Express The Following Repeating Decimal As A Fraction Calculator

Convert repeating decimals to fractions with our calculator and step-by-step guide. Learn the math behind the conversion and use our formula to solve any repeating decimal.

How to Use This Calculator

This calculator converts repeating decimals to fractions. Simply enter the decimal number and specify the repeating digits, then click "Calculate".

Assumptions

The calculator assumes the repeating pattern starts immediately after the decimal point.

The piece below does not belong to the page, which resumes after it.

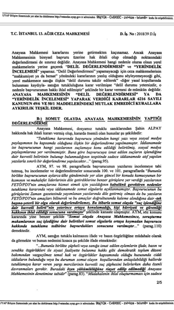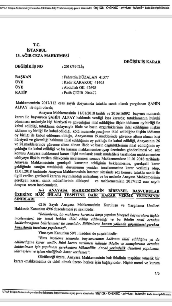 İstanbul 13. Ağır Ceza Mahkemesi; Anayasa Mahkemesi'nin (AYM) "hak ihlali yapıldığı" gerekçesiyle tutuklu FETÖ'cü gazeteci Şahin Alpay hakkında verdiği tahliye kararını ikinci kez reddederken, AYM'te de tam anlamıyla "anayasa" ve "hukuk" dersi verdi. Mahkeme, "yetki gaspı" yaptığını belirttiği AYM'nin "tahliye talebini yerine getirmenin kanunen mümkün olmadığı" görüşünü karar metnine geçirdi.

For example, 0.333... is 1/3, not 0.1333... which would be 1/75.

The Conversion Method

To convert a repeating decimal to a fraction, follow these steps:

Let x = the repeating decimal
Multiply x by 10^n where n is the number of repeating digits
Subtract the original x from this new equation
Solve for x

Formula

For a repeating decimal 0.a̅b̅c̅... (where abc... repeats):

x = 0.a̅b̅c̅...

10^n x = abc̅.abc̅...

(10^n - 1)x = abc̅ - 0.a̅b̅c̅...

x = abc̅ / (10^n - 1)

Worked Examples

Example 1: 0.333...

Let x = 0.333...

10x = 3.333...

Subtract: 10x - x = 3.333... - 0.333...

9x = 3

x = 3/9 = 1/3

Example 2: 0.142857...

Let x = 0.142857...

1000000x = 142857.142857...

Subtract: 1000000x - x = 142857.142857... - 0.142857...

999999x = 142857

x = 142857/999999 = 1/7

Frequently Asked Questions

What if the repeating decimal has non-repeating digits?: For decimals like 0.1666..., first convert the non-repeating part (0.1) to a fraction (1/10), then convert the repeating part (0.0666...) separately and add the results.
Can this calculator handle mixed repeating decimals?: Yes, but you'll need to separate the repeating and non-repeating parts. For example, 0.12345̅6̅ would require converting 0.123 and 0.00045̅6̅ separately.
What if the repeating decimal doesn't start right after the decimal point?: You'll need to adjust the formula accordingly. For example, 0.1333... would require multiplying by 1000 instead of 10 to align the repeating parts.